There is one piece of evidence cited in next-to-last paragraph of the US intelligence report which could clinch the case against Assad: “We intercepted communications involving a senior official intimately familiar with the offensive who confirmed that chemical weapons were used by the regime on August 21.”  If it exists and is authentic, this document should be enough to convince skeptics such as Russia that the charges against the regime are not merely “rumors.”  If this is truly an intercepted communication, then presumably it can be released without endangering the interceptor, who is neither the sender nor the recipient.  It should be reasonably straightforward for an Arabic linguistics expert to authenticate the language as educated Syrian Arabic of a sort likely to be used by senior officials.  And yet this document has not been released, and Russia is not convinced.

5. Although the US (and the British Prime Minister) have declared a potential attack legal, the United Nations has disagreed.  Not only the opinion of the UN Special Envoy to Syria, Lakhdar Brahimi, who is the man tasked with ending the conflict, even the UN Secretary General Ban Ki-moon has said US military intervention would only be legal in self-defense after UN Security Council approval.  The basis of the legality argument requires either that the United States be declared the universal police officer, which understandably no other country has recognized, or that in general any country can attack any other country if it thinks doing will help some people, perhaps at the expense of others, which is a dangerously low bar to international military conflict.  While a possible attack will not open President Obama to prosecution before the International Criminal Court or the International Court of Justice, this is because the US will presumably use its veto power on the UN Security Council to prevent the case from being referred to an international court.  The irony is that a Nobel Peace Prize recipient is advocating an illegal military action which will be sheltered from prosecution only by his country’s self-interested obstructionism in the United Nations, which is something Western media usually ascribe to Russia and China rather than the US.

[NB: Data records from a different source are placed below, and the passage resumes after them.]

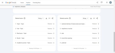 According to Google Trends, people also searched for Related Queries like national institute of tuberculosis and respiratory diseases new delhi, respiratory muscles, pubmed, types of respiratory diseases and respiratory problems.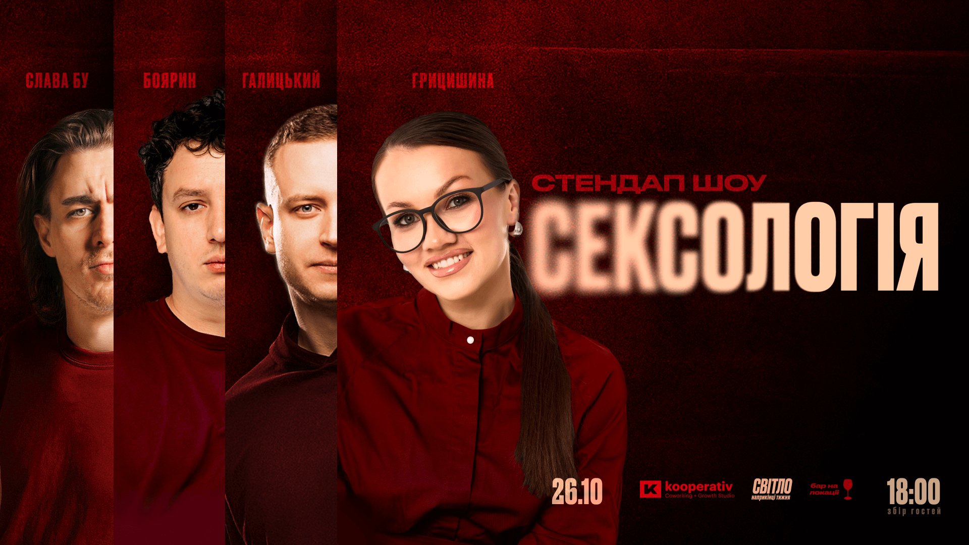 Add to calendarПро шоу: це гумористичний формат, де коміки та сексологиня Мар'яна Грицишина говорять про те, що зазвичай замовчують.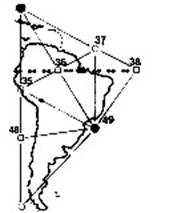 “Проявление погребенного фокуса” центрировано в алмазе, сформированном точками 18, 35, 37 и 49. На вышеприведенных рисунках мы уже видели “мерзкий вихрь” Африки, формирующий такое же большое “проявление погребенного фокуса”. Смещение суши Южной Америки от точного вписывания в “алмаз” может быть отнесено на счет отталкивания Средне-Атлантического Хребта, с потрясающей точностью следующего линиям Глобальной Решетки. Возвращаясь к карте Бэкера/Хэгенс: легко видеть, как линия четко разграничивает разделение между континентами, ибо Средне-Атлантический Хребет является точкой расширения между двумя континентальными плитами.
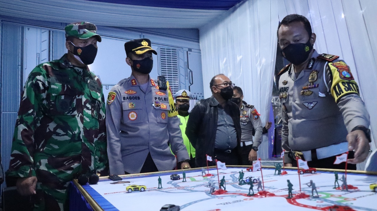 Kapolres Malang AKBP Bagoes Wibisono beserta Jajaran Forkopimda Kabupaten Malang melakukan pengecekan dan kontrol kesiapan Pos Pam Natal 2021 dan Tahun Baru 2022 (Nataru) di beberapa Exit Tol Kabupaten Malang, Jumat (24/12/2021).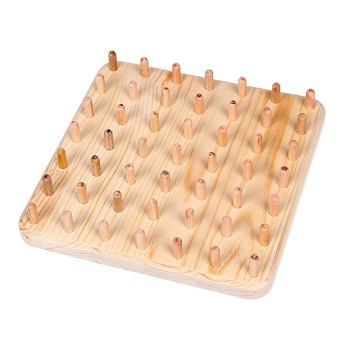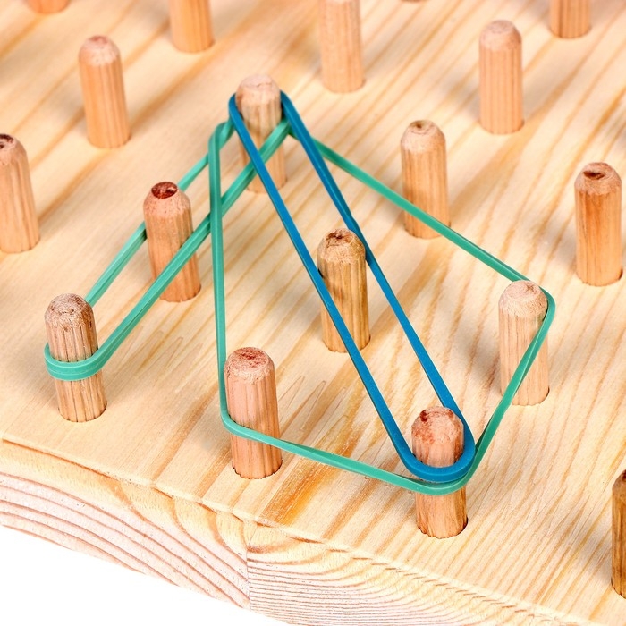 Геоборд — это специальная доска для конструирования различных изображений с помощью равноудалённых друг от друга штырьков и резиночек. Их малышу предстоит нанизывать на выпуклые элементы и создавать таким образом разнообразные фигуры.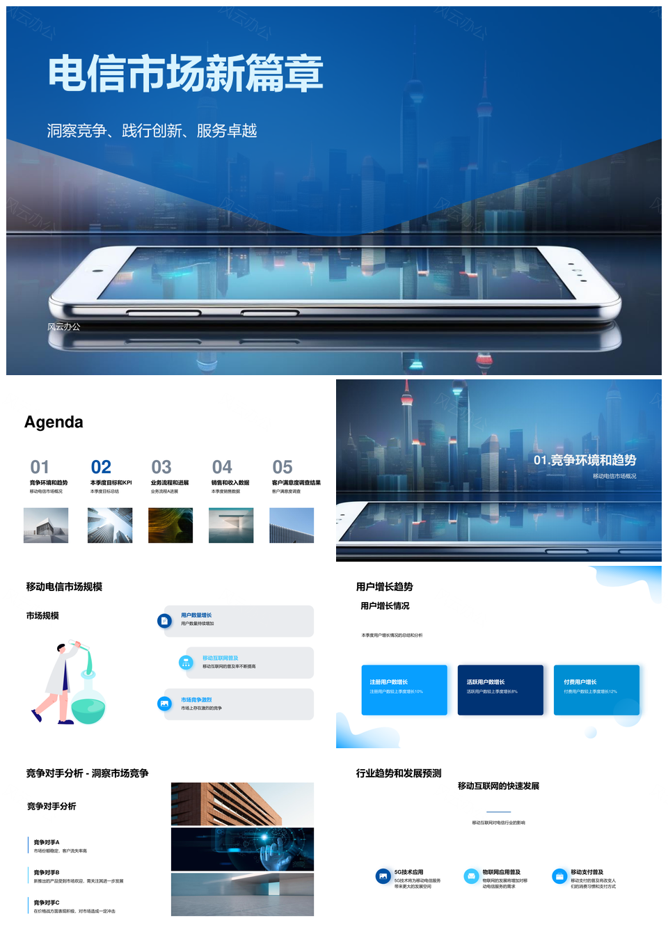 风云办公提供的移动电信市场竞争趋势分析及发展预测PPT模板,下载格式为pptx,一共22页,作品中文字及图均可以修改和编辑,图片更改请在作品中右键图片并更换,文字修改请直接点击文字进行修改。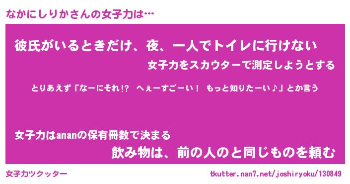 | ヘコむあだ名 | 『なかにゅー』『なまこ酢』 |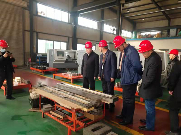 壹泰科總經(jīng)理張昌有帶領(lǐng)各位領(lǐng)導參觀考察生產(chǎn)車間,向各位領(lǐng)導介紹公司產(chǎn)品設(shè)備等生產(chǎn)技術(shù)。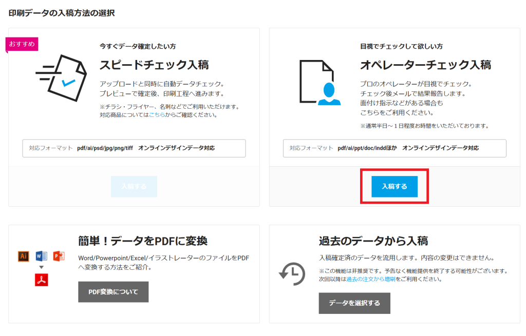 オペレータチェック入稿をクリックしてください。 - ※年賀状・喪中はがきの両面印刷をご注文の場合、スピードチェック入稿はご利用いただけません。

6. There has been much talk about American “credibility” in the international community.  But credibility has far less to do with following through on threats and much more to do with holding on to principles even when they are inconvenient.  Since it is clear that the US military used chemical weapons in the Iraq War, the message sent to the international community by a US strike allegedly in response to chemical weapons use is that no one else is allowed to break our monopoly on extreme violence.  Is this the message the US government really wishes to send?  The international community expects US foreign policy to selfishly seek its own narrow interests at the expense of other countries.  As an international friend of mine said to me over dinner, “I would not mind living in America, but I would not want to be a target of American foreign policy.”  The only way to break this perception is to act in accordance with clearly stated principles such as the rule of international law even when it is distasteful and inconvenient, rather than using military means to oust regimes (even heinous and criminal regimes) that we have declared to be our enemies.

The Bottom Line

I believe a US attack on Syria would increase the death and violence of the Syrian Civil War and would escalate the conflict into a world-wide affair.  I do not think that the Syrian regime is fine or that the use of chemical weapons ought to go unpunished.  But I believe that the United States of America is not the body to enforce the chemical weapons ban, apart from authorization by the United Nations.  The fact that Russia and China have been obstructionist in that body does not authorize us to ignore it; instead Syrian blood is on their hands, but we must engage Russia and China diplomatically to break their deadlock.  By attacking Syria the United States will not support the chemical weapons ban, because its attack will be perceived as simply US self-interested foreign policy.

While I have been writing this post, those who stand to benefit from a US strike on Syria have taken the ridge above a Syrian village and shelled the civilian population below.  Does the United States really want to aid these particular rebels?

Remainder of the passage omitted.